1

i have a dataframe with two columns:

 VAR1.                     VAR2.

  A.              102 million; 102 million

  B.      0.1 million; 2 million; 0.1 million; 2 million

I want to remove duplicate values of VAR2. for each row, obtaining

 VAR1.           VAR2.

  A.          102 million

  B.     0.1 million; 2 million

How can I do?

thank you for your suggestions.

Silvia
  • 405
  • 4
  • 17

2 Answers2

2

Using base R, we can split the string on ";" and paste unique entries for VAR2

sapply(strsplit(df$VAR2, ";"), function(x) paste(unique(x), collapse = ";"))
#[1] "102 million"           "0.1 million;2 million"

Using dplyr and tidyr we can use separate_rows to bring VAR2 into different rows and then paste only unique entries per group.

library(dplyr)
library(tidyr)

df %>%
 separate_rows(VAR2, sep = ";") %>%
 group_by(VAR1) %>%
 summarise(VAR2 = paste(unique(VAR2), collapse = ";"))

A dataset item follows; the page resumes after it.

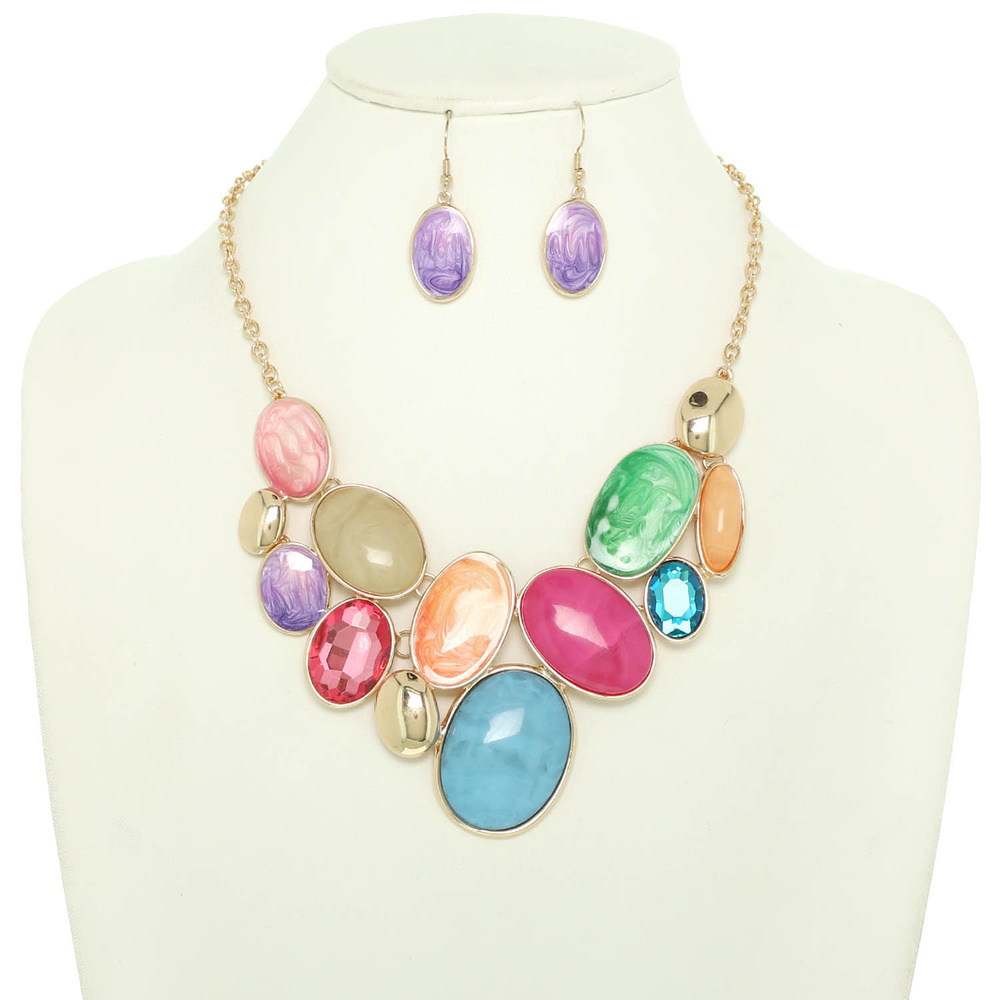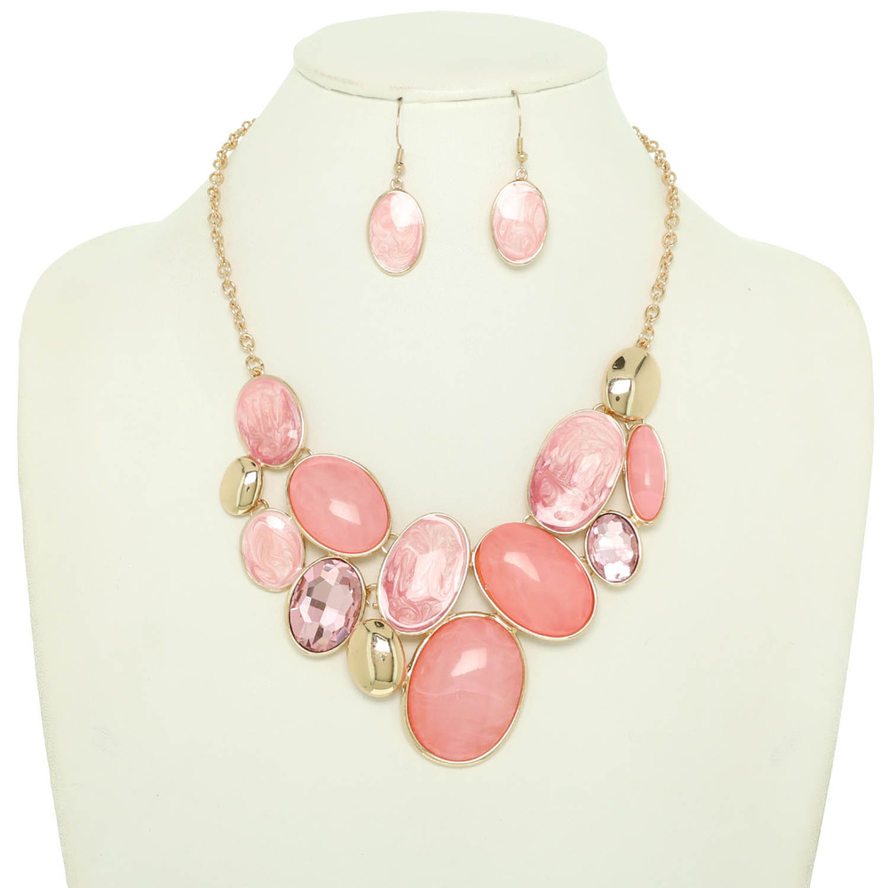 Oval Stone Cluster Necklace Set

#  VAR1  VAR2                 
#  <fct> <chr>                
#1 A     102 million          
#2 B     0.1 million;2 million
Ronak Shah
  • 377,200
  • 20
  • 156
  • 213
1

Here is a solution using sub which seems to work:

x <- "0.1 million; 2 million; 0.1 million; 2 million"
gsub("\\b(\\d+(?:\\.\\d+)?) ([^;]+); (?=.*\\b\\1 \\2\\b)", "", x, perl=TRUE)

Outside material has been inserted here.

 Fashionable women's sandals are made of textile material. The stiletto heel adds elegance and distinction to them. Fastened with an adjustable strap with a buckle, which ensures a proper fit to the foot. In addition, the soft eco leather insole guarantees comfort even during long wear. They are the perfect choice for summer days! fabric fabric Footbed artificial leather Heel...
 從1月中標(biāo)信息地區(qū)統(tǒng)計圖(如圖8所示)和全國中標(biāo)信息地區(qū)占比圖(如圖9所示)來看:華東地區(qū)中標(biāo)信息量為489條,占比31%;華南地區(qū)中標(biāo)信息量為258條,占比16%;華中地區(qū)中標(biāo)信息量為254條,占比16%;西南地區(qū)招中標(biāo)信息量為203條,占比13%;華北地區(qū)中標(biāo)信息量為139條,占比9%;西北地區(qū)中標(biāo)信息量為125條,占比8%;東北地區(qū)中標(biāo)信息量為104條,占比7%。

[1] "0.1 million; 2 million"

The general strategy used here is to match a number, with an optional decimal component, followed by another word, provided that this number-word term appears at least once downstream in the input string. If it does appear again, then we remove the first terms by replacing with empty string. Note that the last occurrence of a pair of terms would not be deleted, owing to that the positive lookahead would fail.

Tim Biegeleisen
  • 502,043
  • 27
  • 286
  • 360